PALING TIDAK AKU BERGUNA MENJADI TEMPAT SAMPAH KELUH KESAH MEREKA.

 

PALING TIDAK AKU MASIH BERGUNA MENJADI TEMPAT SAMPAH KELUH KESAH MEREKA

Gerimis di sore itu tidak pernah benar-benar romantis bagi orang yang hatinya sudah lama basah oleh air mata sendiri. Lelaki itu berjongkok, jemarinya mengusap lumut yang mulai berani memanjat permukaan batu dingin di depannya.

"Diam itu benar, kan?" suaranya pecah, bersaing dengan bunyi klakson jauh di luar pagar pemakaman yang macetnya tidak pernah tuntas.

Dia tertawa kecil, suara yang lebih mirip gesekan amplas pada kayu tua. Baginya, kenyataan bahwa tidak ada yang peduli selama dia bernapas adalah hukum alam yang mutlak. Selama puluhan tahun, dia menjadi people pleaser ulung—sebuah peran yang dia pilih bukan karena suci hati, tapi karena itu adalah benteng paling aman. Menjadi pelayan bagi ego orang lain membuatnya punya alasan untuk lupa betapa berantakannya isi kepalanya sendiri. Setidaknya, dengan sibuk memikirkan kenyamanan orang, dia tidak punya waktu untuk meratapi nasibnya yang kering kerontang.

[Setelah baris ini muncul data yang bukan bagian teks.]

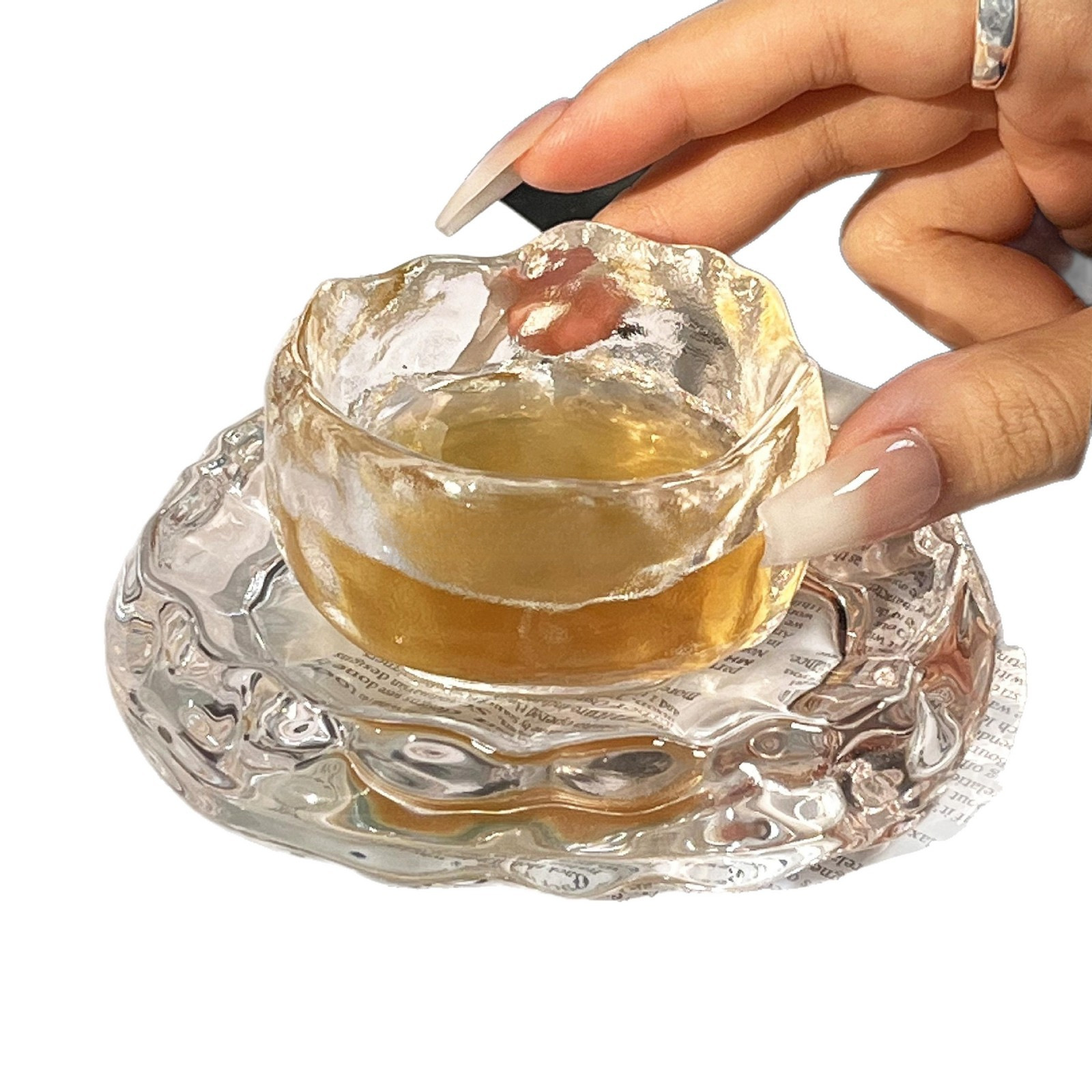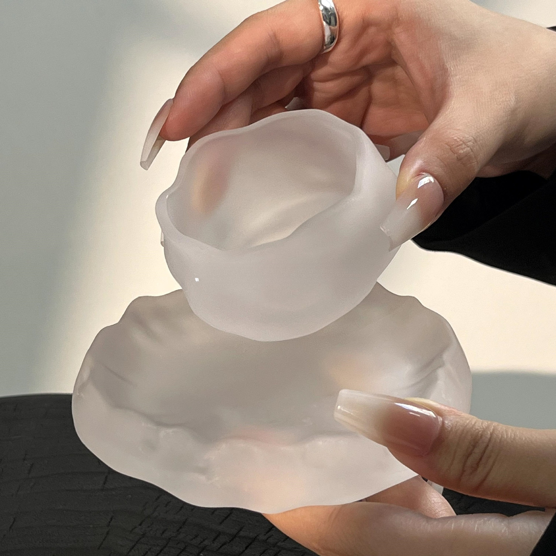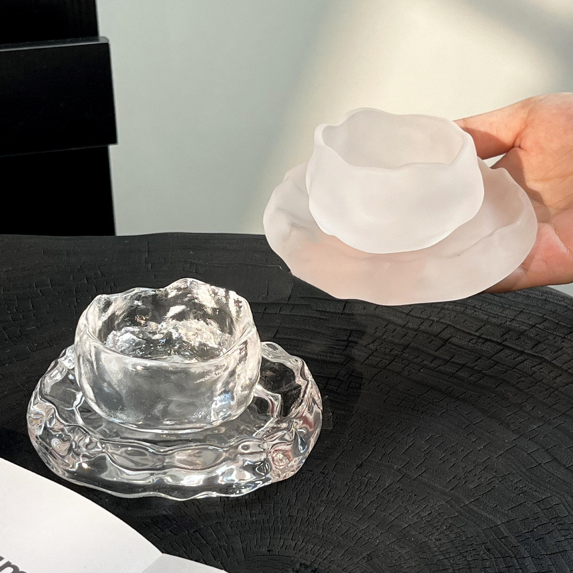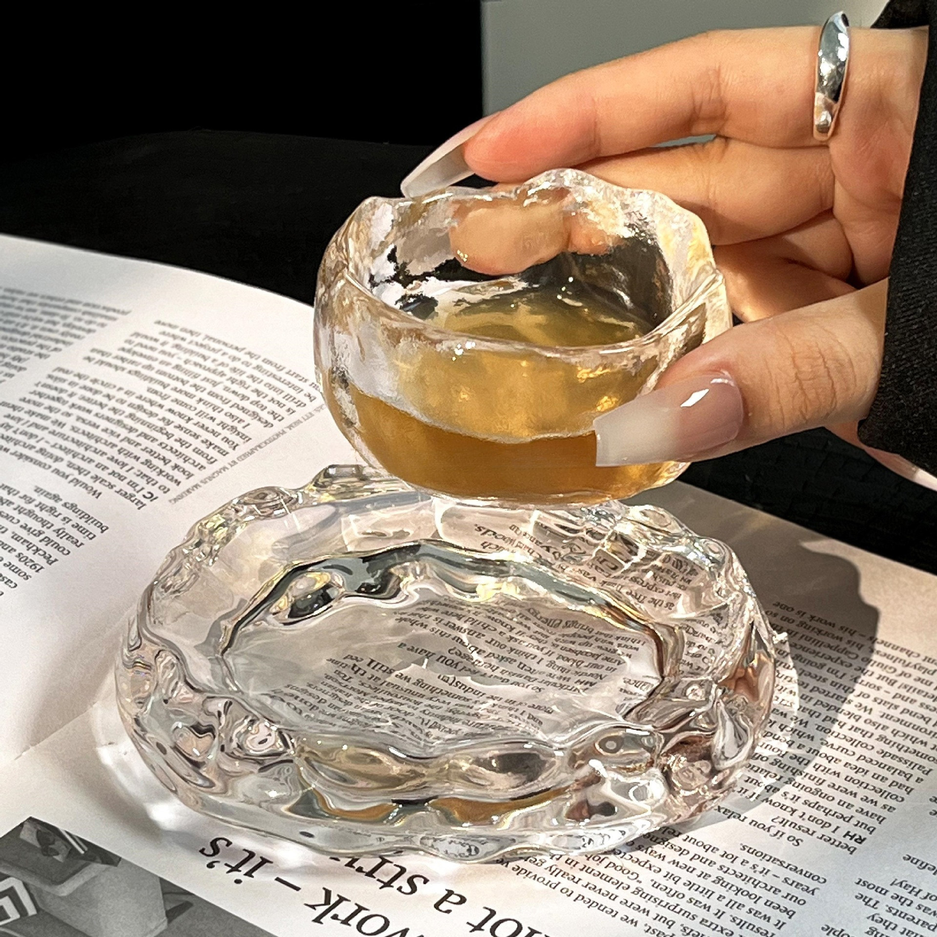 中式玻璃茶杯创意磨砂质感单杯泡茶杯功夫茶杯茶碟氛围感小杯子

"Paling tidak, aku berguna untuk menjadi tempat sampah keluh kesah mereka," bisiknya lagi, menatap tajam ke arah tulisan yang mulai memudar di permukaan nisan.

Ada kebanggaan sarkas di sana. Dia bertahan hidup dengan topeng yang dipahat sempurna. Memastikan semua orang pulang dengan senyum, sementara dia pulang dengan lubang di dada yang semakin menganga. Baginya, keselamatan ada pada kepatuhan. Keamanan ada pada ketiadaan konflik.

Lelaki itu kemudian bangkit, membetulkan letak kemejanya yang lusuh. Dia melihat namanya sendiri terukir di sana. Tanggal lahir, tanggal wafat—semuanya presisi. Dia tidak terlonjak kaget. Tidak ada drama jatuh terduduk atau teriakan histeris layaknya film horor kelas bawah.

Dia hanya tersenyum. Sebuah senyuman yang sangat kering, sangat terpaksa, dan masih membawa sisa-sisa kebiasaannya untuk menyenangkan siapa pun yang melihat. Dia sadar, bahkan dalam kematian pun, dia masih berusaha meyakinkan dirinya sendiri bahwa perannya sebagai pengamat nasibnya sendiri adalah keputusan terbaik. Dia berbalik, menghilang di antara nisan-nisan lain, meninggalkan dunianya yang sudah lama selesai sebelum benar-benar dimulai.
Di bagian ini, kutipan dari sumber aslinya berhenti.